### [Work instruction]
Only one span of the material below is wanted. Output it exactly, from the line with "FOTOGRAFÍA 3: ESTUFA DE 3 PUESTOS" through the line with "HV-234155 Niveaufedern SsangYong", without any pictures.
[[ Extracted material, beginning ]]
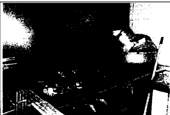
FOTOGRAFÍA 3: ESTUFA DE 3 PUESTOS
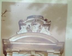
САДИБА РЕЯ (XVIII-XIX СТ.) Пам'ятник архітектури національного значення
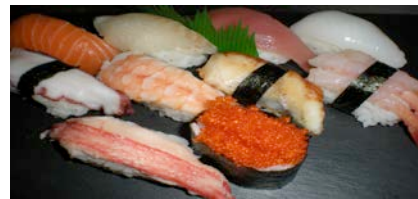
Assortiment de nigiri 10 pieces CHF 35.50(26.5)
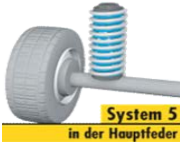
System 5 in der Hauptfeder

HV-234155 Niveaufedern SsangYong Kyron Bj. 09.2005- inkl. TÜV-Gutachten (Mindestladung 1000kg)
[[ Extracted material, end ]]
[[ Extracted material, beginning ]]
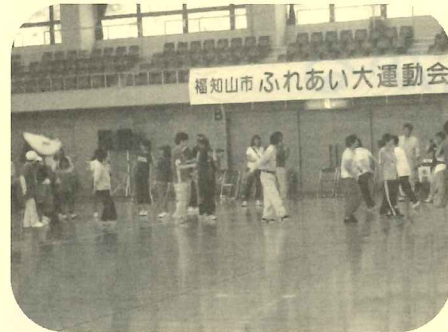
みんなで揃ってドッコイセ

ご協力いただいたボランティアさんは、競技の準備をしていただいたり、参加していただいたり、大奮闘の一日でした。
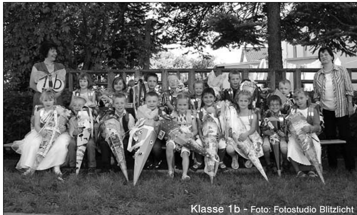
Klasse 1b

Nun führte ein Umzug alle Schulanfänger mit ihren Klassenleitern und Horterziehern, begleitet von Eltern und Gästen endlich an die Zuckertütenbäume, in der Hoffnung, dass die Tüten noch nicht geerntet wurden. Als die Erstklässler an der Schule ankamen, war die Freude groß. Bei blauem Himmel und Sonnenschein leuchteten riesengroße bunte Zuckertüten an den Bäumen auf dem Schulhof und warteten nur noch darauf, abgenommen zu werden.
[[ Extracted material, end ]]
### [Written response]
FOTOGRAFÍA 3: ESTUFA DE 3 PUESTOS
САДИБА РЕЯ (XVIII-XIX СТ.) Пам'ятник архітектури національного значення
Assortiment de nigiri 10 pieces CHF 35.50(26.5)
System 5 in der Hauptfeder

HV-234155 Niveaufedern SsangYong Kyron Bj. 09.2005- inkl. TÜV-Gutachten (Mindestladung 1000kg)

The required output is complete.